I didn’t hear from Luke until Monday afternoon, when he texted to ask if I wanted to come over that evening. I felt nauseous knocking on his door. When he saw me, he asked how my weekend had been, as if I’d just been away on a trip. Once we were in his room, we sat on his bed, and I started to take off my shoes.

‘So,’ said Luke. He exhaled. ‘OK. I don’t think that we should see each other anymore.’
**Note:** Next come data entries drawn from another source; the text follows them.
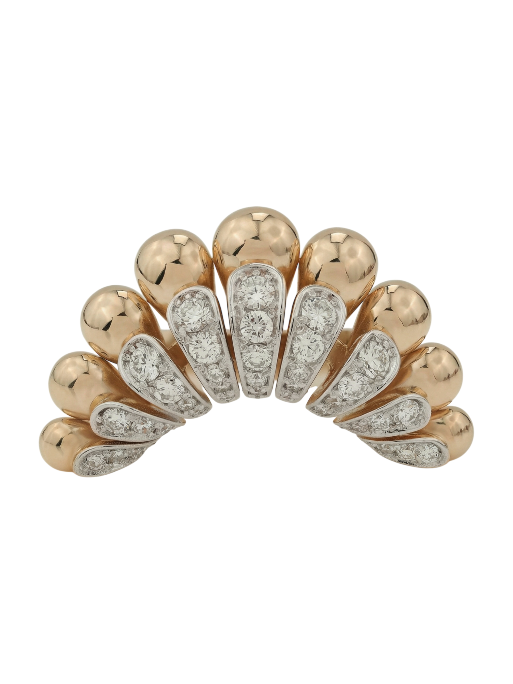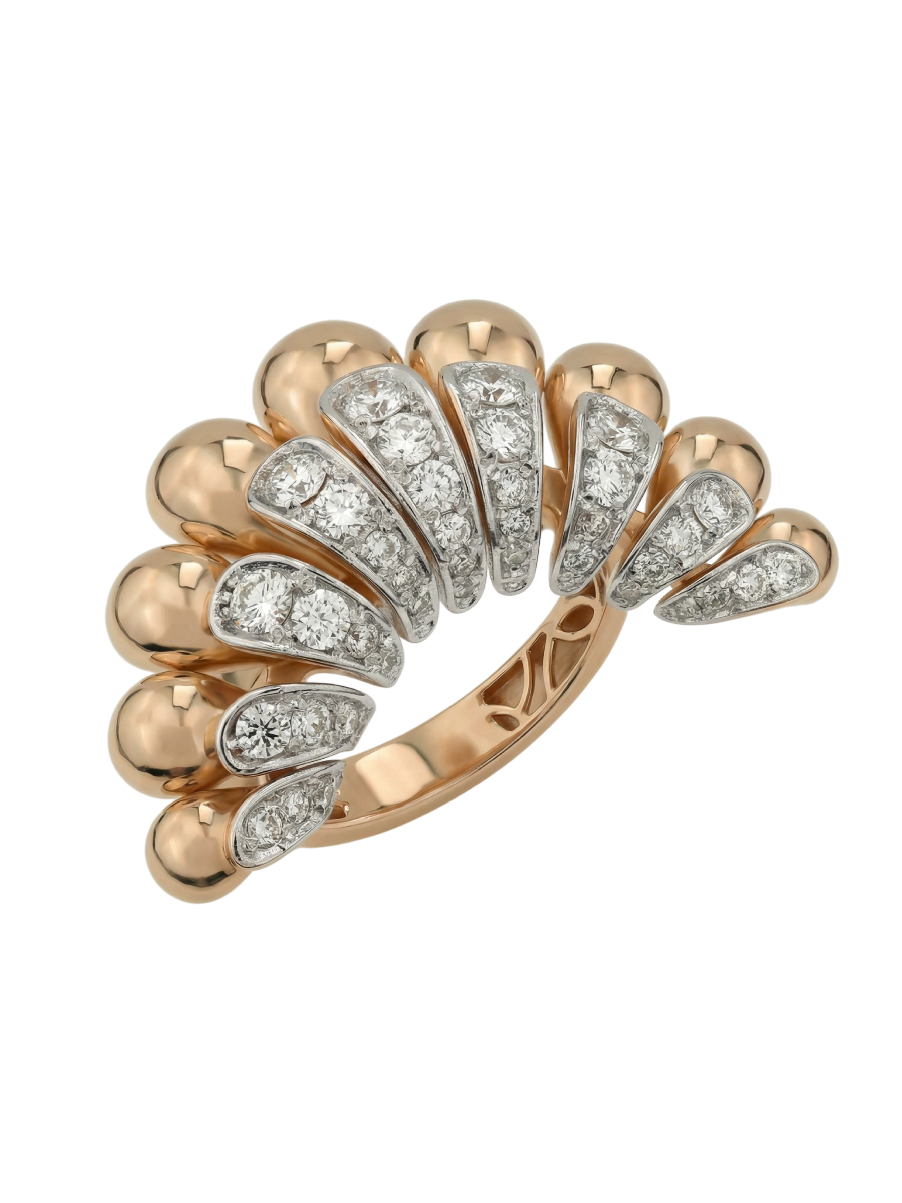 Эффектное кольцо из золота с бриллиантами — это воплощение итальянского стиля и безупречного ювелирного искусства. Модель выполнена из красного золота 585 пробы, которое подчеркивает теплоту и благородство металла. Уникальный дизайн, вдохновленный эстетикой коллекции Vioretty — Flamenco, сразу притягивает взгляд своей динамичной формой, напоминающей веер, где гладкие золотые элементы гармонично чередуются с яркими вставками.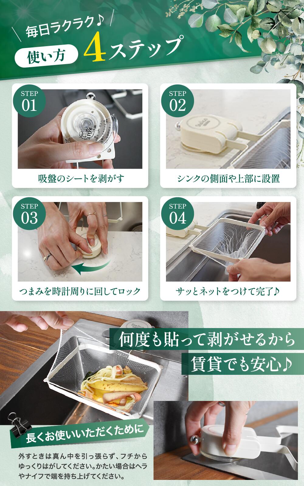 一人暮らしからファミリー世帯まで使いやすく、賃貸住宅でも設置しやすいキッチン便利グッズ。三角コーナーを置かずに、生ゴミ処理をもっと清潔・快適にしたい方におすすめです。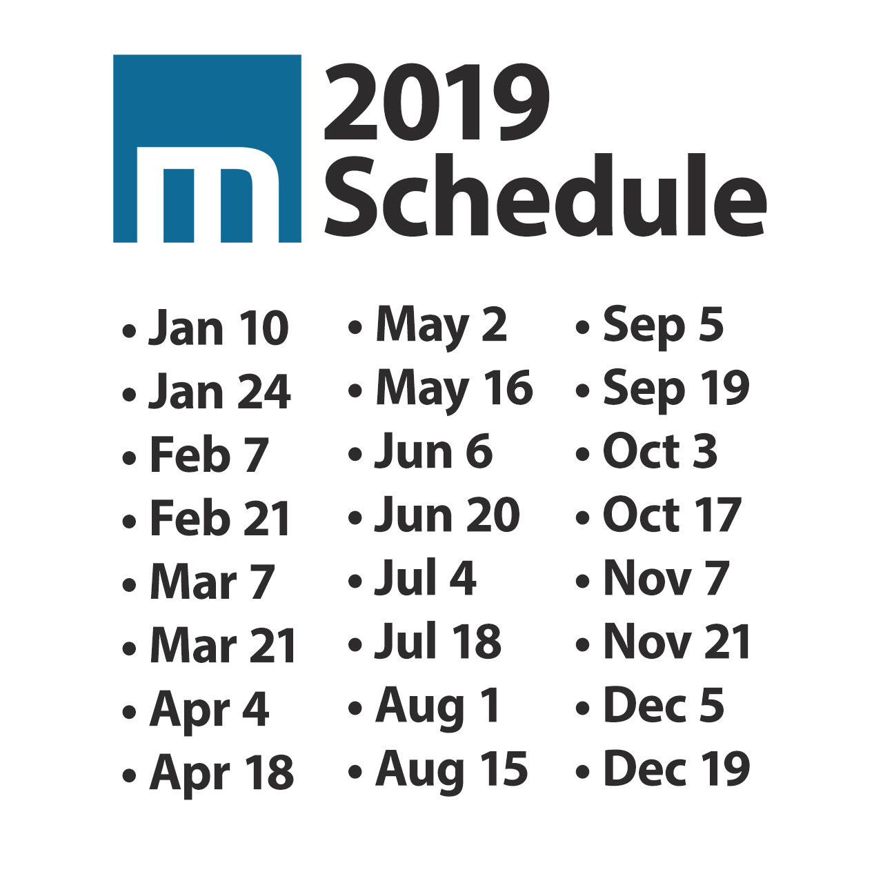 In November, the Messenger announced the official publishing dates for 2019. They are as follows:

He carried on talking in measured, rehearsed tones, staring at the floor: he did like me, but didn’t want to hurt Paige. He loved her, she was a good person.

I was stunned. I tried out responses in my head but couldn’t make my throat form the words. ‘Did you tell her about me?’ I finally said.

‘I’m going to,’ he replied. ‘She’s having a rough time at the moment, so it wasn’t a good idea.’

When I got back home, I welled up, but couldn’t shed any tears. The next few days passed uphill, and time seemed to curdle around me in a thick sauce. My lectures and seminars no longer felt like the milestones my weeks geared towards, but vague, indistinct lumps in viscous territory. Now, I came alive alone in my room, where I spent most of my time consulting Paige’s profile.

These browsing sessions began with specific questions. Had she posted a picture of her new hair colour yet? Yes, she had, with the caption blondes have more fun. What was she doing? She had gone out, she had done an all-nighter in the library, she was running a taster women’s football match for freshers on November 4th. But these things gave me no glimpse into Paige’s emotional state; her face was a blank scroll, offering me nothing. Deprived of new content, I slipped further into her past: their holiday last year, her 17th birthday party, her cousin’s christening.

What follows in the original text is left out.